ANGELINA JOLIE AND BRAD PITT HAD NOT BEEN PUBLICLY SEEN TOGETHER FOR MORE THAN TWO MONTHS BEFORE SHOCK SPLIT



Angelina Jolie and Brad Pitt hadn’t been photographed together for more than two months leading up to their split.

Multiple sources confirmed to PEOPLE that Jolie, 41, filed for divorce from Pitt. According to TMZ, legal docs filed Monday cite irreconcilable differences, and Jolie is asking for physical custody of the couple’s shared six children – Maddox, Pax, Zahara, Shiloh, Vivienne and Knox – with Pitt being granted visitation rights.

They were last seen together in public making a stop inside a Jamba Juice store in Los Angeles with their daughter Shiloh in July.
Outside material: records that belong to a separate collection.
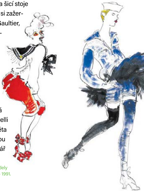
Reklama na úsměvné námořnické modely Jean-Paula Gaultiera, kolekce jaro/léto 1991.

Pohrát si s detailem dokázal například Thierry Mugler. Ramena ostře tvarovaných kabátků zvednutá jako krovky brouka připomínají styl Elsy Schiaparelli z konce 30. let. Tento návrhář-šprýmař, který do světa módy vstoupil v brilantním zeleném saku s plastickou orchidejí v knoflíkové dírci (frajerský secesní návrhář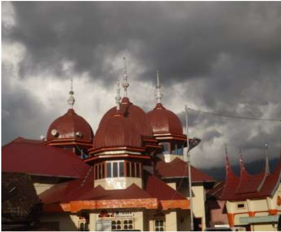
Gambar. 13 Masjid Takwa Sungai Buluh, Agam

Kubah adalah adalah bentuk bagian atap yang dibuat melengkung dan mengerucut pada bagian ujungnya yang menghiasi atap, bentuknya pun dapat beragam, boleh jadi seperti separoh bola atau kubah piring (lebih rendah dari kubah separoh bola) atau kubah bawang (karena seperti bawang) dan terkadang pada bagian puncaknya dapat diberi seperti gonjong rumah adat dan terkadang dihiasi dengan lambang bulan sabit.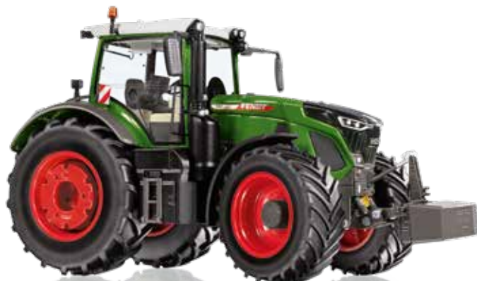
Fendt 942 Vario Einzigartige Flexibilität – Digitale Plattform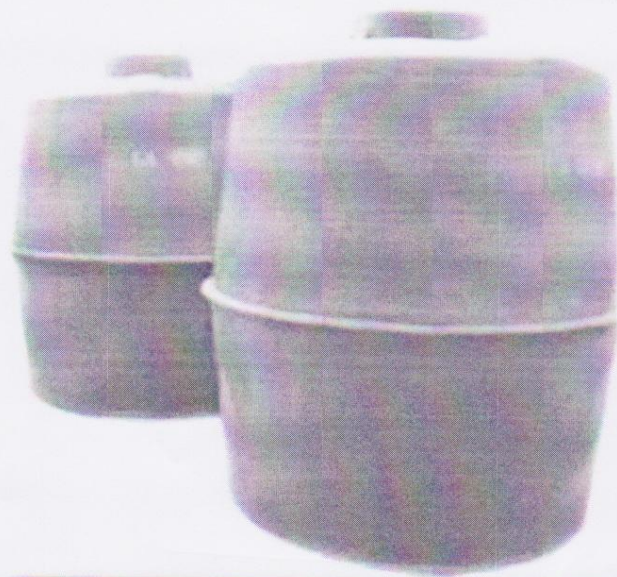
ถังน้ำทรงแอปเปิ้ล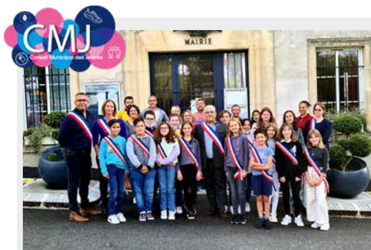
2021 - Séance d'installation du Conseil Municipal des Jeunes.

Plus de 68 000€ sont répartis chaque année entre les associations Champenoises. Cet investissement municipal témoigne, malgré le contexte économique complexe, du soutien indéfectible de la commune aux associations sportives, de loisirs, d'histoire et de mémoire, sans oublier les associations de parents d'élèves. Le lien social est au cœur de la vie Champenoise et doit le rester.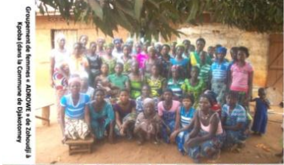
Groupement de femmes « ADROWE » de Zohoujli à Kpoba dans la Commune de Diakotomey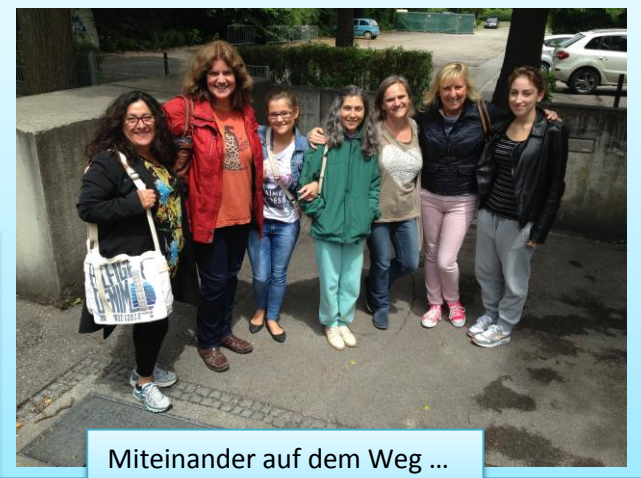
Miteinander auf dem Weg ...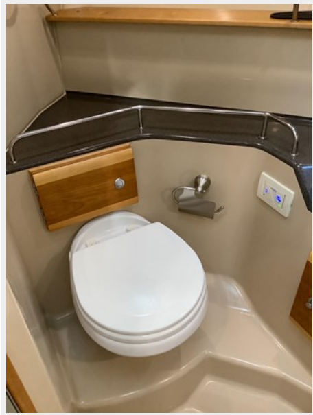
15 Head 2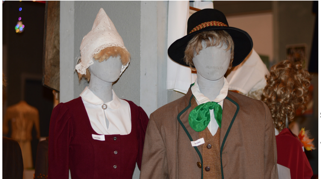
FOTO: NO IZSTĀDES ATKLĀŠANAS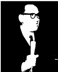
النَّبوي المهندس، صناعي صحبة مصر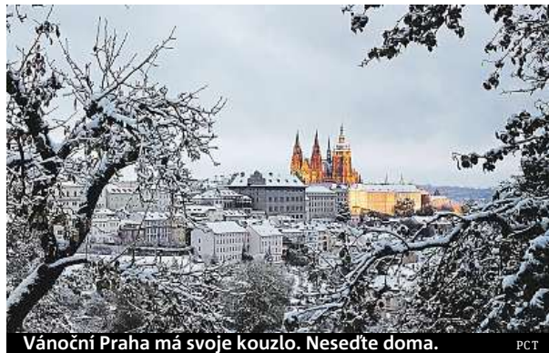
Vánoční Praha má svoje kouzlo. Nesedte doma. PCT

Bojíte se rádi? Můžete zabloudit do uliček v centru.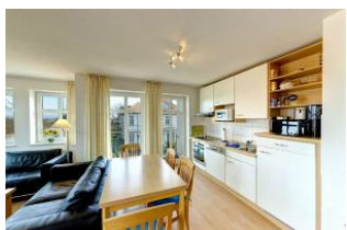
Küche mit Essbereich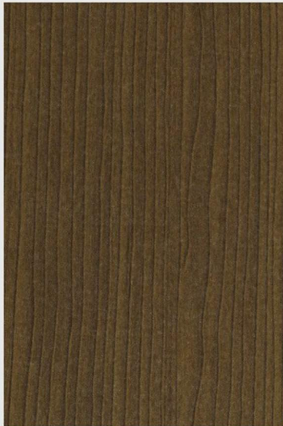
PK E2 CILIEGIO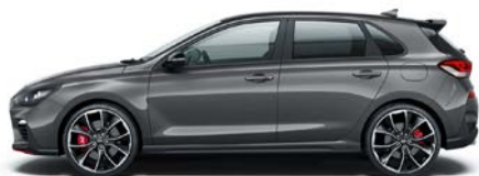
MICRON GREY (Z3G - METALICZNY)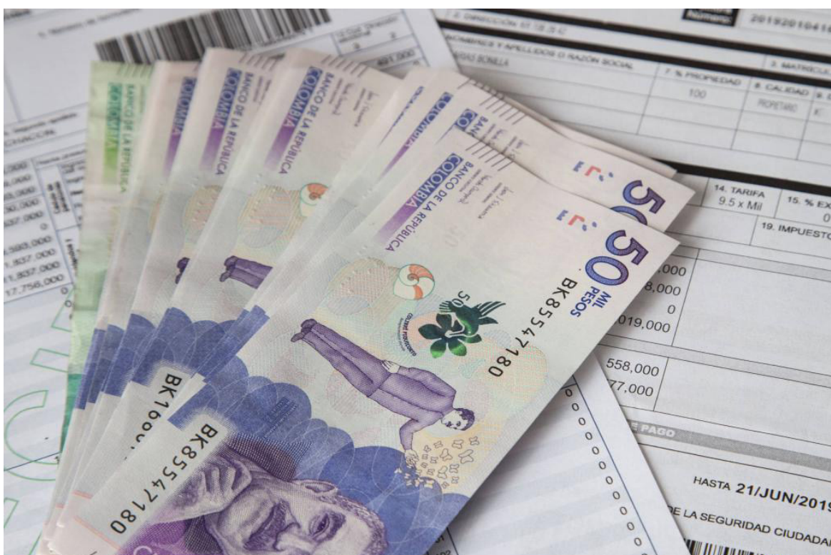
Una persona natural puede ser residente fiscal en dos estados.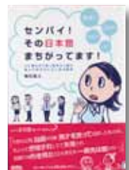
センパイ! その日本語 まちがってます! 著：植松 真人 【保育社】

◆「役不足」って自分の力より役が上?それとも下?使う場面や相手を間違えて使われていたり、間違っていることが多く日本語などを一挙に紹介し、正しい使い方を解説。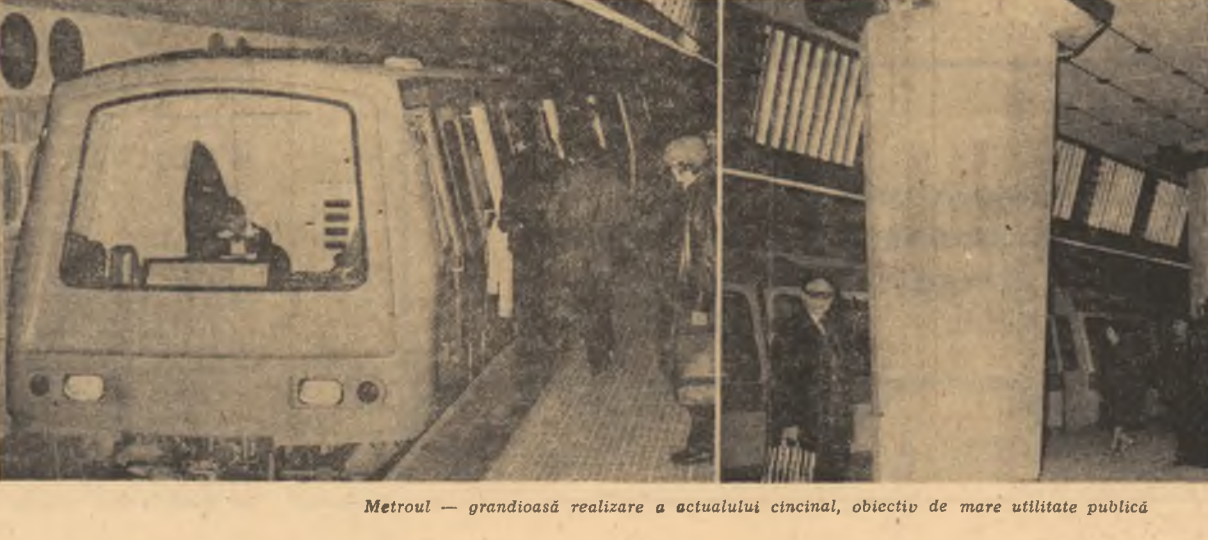
Metroul - grandioasă realizare a actualului cincinal, obiectiv de mare utilitate publică

O FERICIRE DURABILĂ, CA INIMA UNUI BARAJ (Continuare în pag. a 11-a)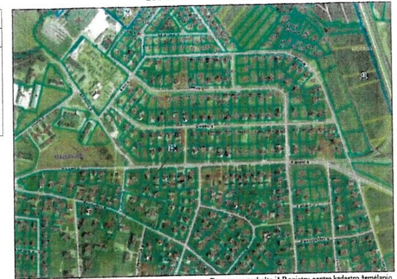
Duomenys perkelta iš Registrų centro kadastro žemėlapiu Ortofotografinė nuotrauka atlikta 2009-2010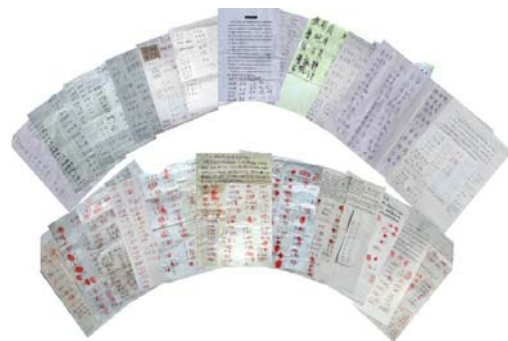
图：第四轮河北 1108 民众声援法轮功学员

夫妻俩从大法中受益了，当然知道法轮功学员受迫害是冤枉的，因而签名营救同样修炼法轮功的大好人李兰奎，这本是一件善良的义举，然而，八月七日晚却被河北省国安、河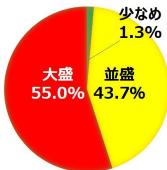
丼メニュー（全体）で注文されるシャリの量

「すし上等！」で人気の高い「丼メニュー」では、半数近くのお客様がシャリを“大盛”で注文し、特にネタを通常の2倍使用した『ダブル丼』をご注文されるお客様の55%が、シャリも大盛で注文していることが分かりました。（※ダブル丼の場合、大盛は無料）この傾向をもとに、「すし上等！」のお客様の中には、シャリもネタもお腹いっぱい食べたい方が多いのではないかと考え、今回、その“まんぷく感”を存分に感じていただける“まんぷく感上等！”なメニューの実現にいたりました。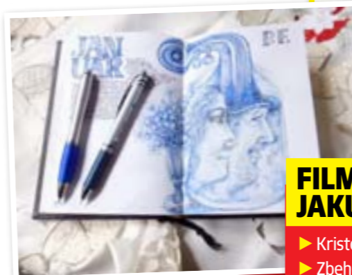
▲ Návrh grafiky pro PF 2023, který se prý »nepáčil«.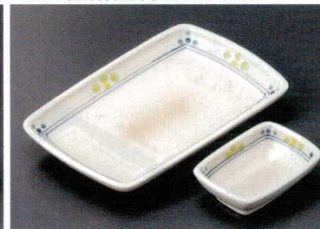
166-39-4A3 730円 1941138015 萩風梅7.0長角皿 (19×12×2.5H) 166-40-4A3 250円 1941138016 萩風梅長角小皿 (8.8×6.1×2.5H)

Leading up to their second wedding anniversary in August, the couple had spent a large part the past couple months apart due to their hectic work schedules. 

With Pitt, 52, having wrapped his upcoming movies Allied and War Machine, which both shot overseas, and Jolie finished filming First They Killed My Father, the two were busy with post- (and pre-) production on their many projects.

Jolie has also kept up with her humanitarian efforts over the year as a special envoy for the United Nations’ refugee agency.

In the past year, the actress has spoken out in front of a House of Lords committee in London and led an honorary committee for this year’s Cambodian International Film Festival. Most recently, she advocated for victims of sexual assault in war zones back in September.

Over the holidays, the then-couple were spotted taking a romantic getawaytogether to Vietnam. They spent three days traveling the country and enjoying various local activities including a boat ride around the bay.

“They looked happy,” an observer told PEOPLE at the time. “[They were] holding hands, laughing.”

And prior to jetting off together, the had been living in Cambodia with their six children while Jolie finished filmed First They Killed My Father: A Daughter of Cambodia, a film based on the memoir by author and human rights activist Loung Ung about the brutal Khmer Rouge regime of the 1970s.